You may remember that the private insurance market was John McCain's and the Republican party's solution to the rising costs of health care. As this CR study shows, that may get you into the door of a hospital in the case of a major emergency, but it won't cover the costs. If it does, you are broke from paying the premiums before you got sick and you'll very likely be bankrupt when you get out in either case.

The rational solution to this is mandated universal health care financed by the federal government. It needs to be federal because both people and illnesses easily move anywhere in the nation. The problem is national so the solution needs to be national. Also, as medicare and medicaid have proven, they can pay out benefits with an administrative cost less than 10%, while the very best private insurers have an administrative cost of 25% or more. Much of that cost is caused by the fact that the private insurer has to make sure that they do not insure unhealthy individuals and also do not pay for care for individuals who are not paying for their insurance to the insurance company who pays for he services.

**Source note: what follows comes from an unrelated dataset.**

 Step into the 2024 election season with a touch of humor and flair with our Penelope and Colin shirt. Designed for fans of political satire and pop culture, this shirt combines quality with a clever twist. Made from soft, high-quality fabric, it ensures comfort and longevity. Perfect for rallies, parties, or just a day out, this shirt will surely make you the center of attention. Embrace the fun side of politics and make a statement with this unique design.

Mandated universal health care will lower some of the costs for the federal government because a lot of the administrative expense is involved in just making sure that uninsured and ineligible individuals are covered for health care. That would also lower costs for private insurers, as they could always determine how the individual was covered before they accepted them. The federal government, by dint of its size, also can negotiate the lowest costs for medications and health services. In Germany the similar solution is federally financed and state administered.

This program at minimum would cover catastrophic medical costs, the costs of chronic health problems like diabetes, high blood pressure, and perhaps the wide-spread causes of illness like obesity. I'd like to see it pay for universal dental care, also, since untreated dental problems cause a lot of other health problems like heart trouble and such. Services above and beyond those items like chiropractic care as well as vitamin therapy and alternative medicines which are not well researched could then be covered by private health insurance or by fee for service.

If the government offered this alongside private insurance plans through employers and private insurance, then the difference in cost between the private insurance and the government would have the majority of people move to the government plan because they got equal health care at significantly lower costs and with a lot less hassle and surprise bills or denials of service.

Health care providers (operating as private contractors) would all understand the rules of the major health care financer and be able to focus on providing medical care instead of having to hire three or four medical insurance clerks to deal with differing insurance regulations and with fighting with insurance companies to get various services covered for their patients. Appeals for denials of services would be public record and available to the press, unlike similar "appeals" to private insurers, so the public could be made aware of unfair financing practices. Note the several private health insurers in California were sued for waiting until someone got expensively sick, then going back and determining ways to cancel their policies and merely refund their premiums instead of paying benefits. This unfair process (which is probably widespread) only comes out against a private insurer after expensive and lengthy law suits, and then only if the currently declining media covers it. A government appeals process can be made separate from the issue of making a profit, unlike for private insurers.

Most average workers simply want access to needed health care for themselves and their families. Middle class workers want medical care access and protection of their family wealth, such as their home and retirement funding. Only a universal health care mandate properly designed will provide that. It clearly is not here for a great many people right now, and what is happening to the auto workers demonstrates how uncertain even employer-provided health care is.


Addendum 10:39 CDT

Here is a link to a story of how the employer insurance is abused by employers. Fired Zales worker recovers. My thanks to the commenter "anonymous" who left this link as a comment to my April 10th post on Social Security and Medicare Notes.